KITE is a general purpose open-source tight-binding software for accurate real-space simulations of electronic structure and quantum transport properties of large-scale molecular and condensed systems with up to tens of billions of atomic orbitals (\(N\sim 10^{10}\)). In a nutshell, KITE takes real-space lattice models (tight-binding hamiltonians) of arbitrary complexity as an input that can be promptly defined by the user through its versatile Pybinding interface.
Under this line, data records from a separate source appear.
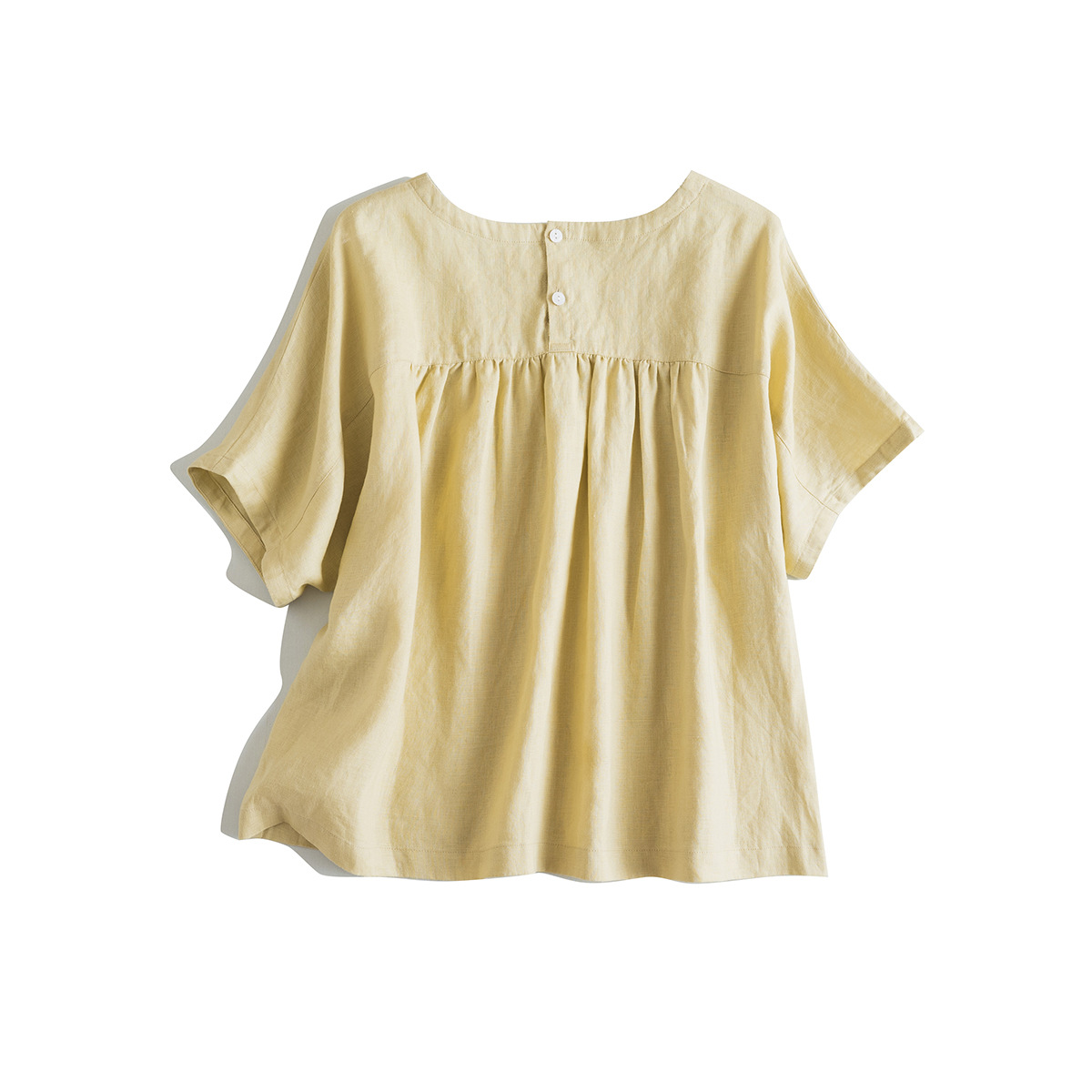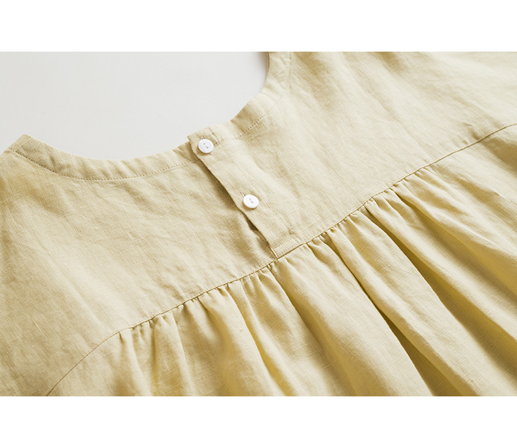 圆领,领口大小深浅合理,后领口2粒扣开合
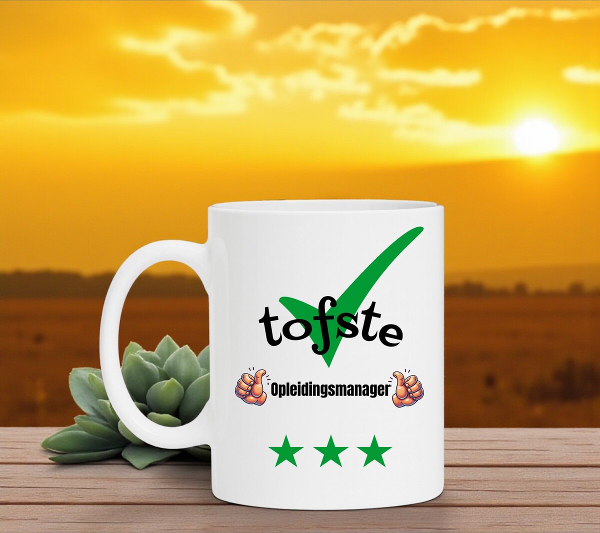 Een prachtig kado voor de tofste Opleidingsmanager. Erg Leuk om de mok cadeau te geven. Een tof bedankje of gewoon zomaar een leuk gebaar. De mok is vaatwasserbestendig en magnetronbestendig en heeft een hoogte van 96mm en een diameter van 80mm.
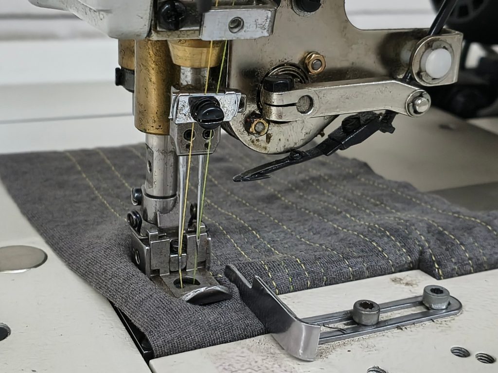 The primary function of a coverlock machine is to create coverstitching, which is commonly used in the apparel industry to finish the hems of T-shirts, knitwear, and other stretchy fabrics.
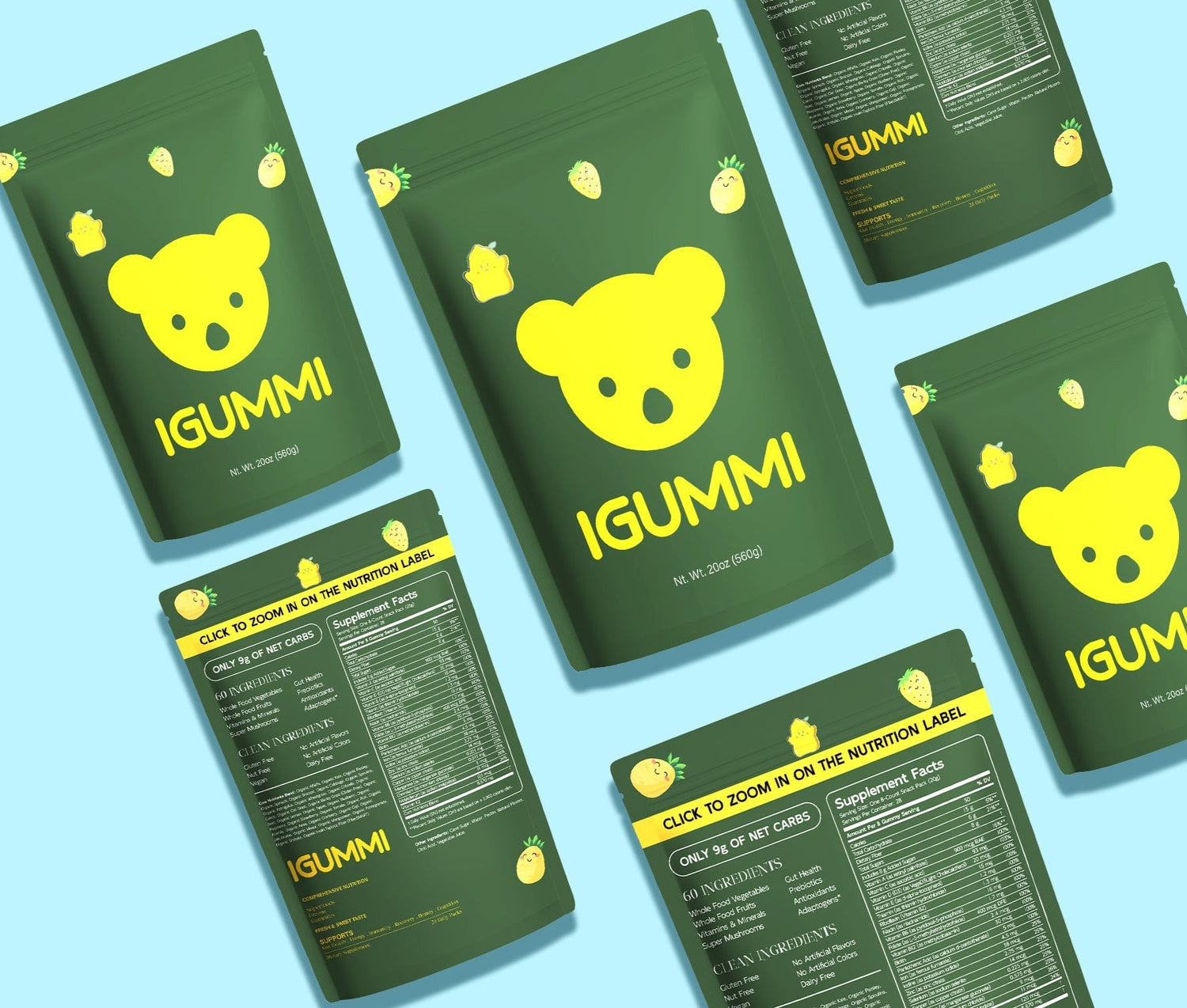 So we decided it was time to fix it. No more choking on and popping pills like a pharmacy. No more clean-up and disgust from gross powders. And no more cobbling together handfuls to dozens of supplements. Igummi is comprehensive nutrition, made convenient and delicious.

Then, its memory-efficient and heavily-parallelised C++ code employs extremely accurate Chebyshev spectral expansions1 in order to extract static electronic properties (DoS, LDoS and spectral functions), perturbative response functions (linear and nonlinear conductivities) or even dynamical effects arising from the time-evolution of electronic wave-packets entirely in real-space. Since it is based upon real-space hamiltonians, KITE’s scope is not limited to periodic single-particle hamiltonians but, instead, its true power in unveiled through the study of more realistic models which may include disordered potentials, dilute impurities, structural defects, ad-atoms, mechanical strain and even external magnetic fields. Some illustrative examples may be found in the KITE’s presentation paper2. See the Tutorial section for a quick-start guide to the main features of KITE v1.1.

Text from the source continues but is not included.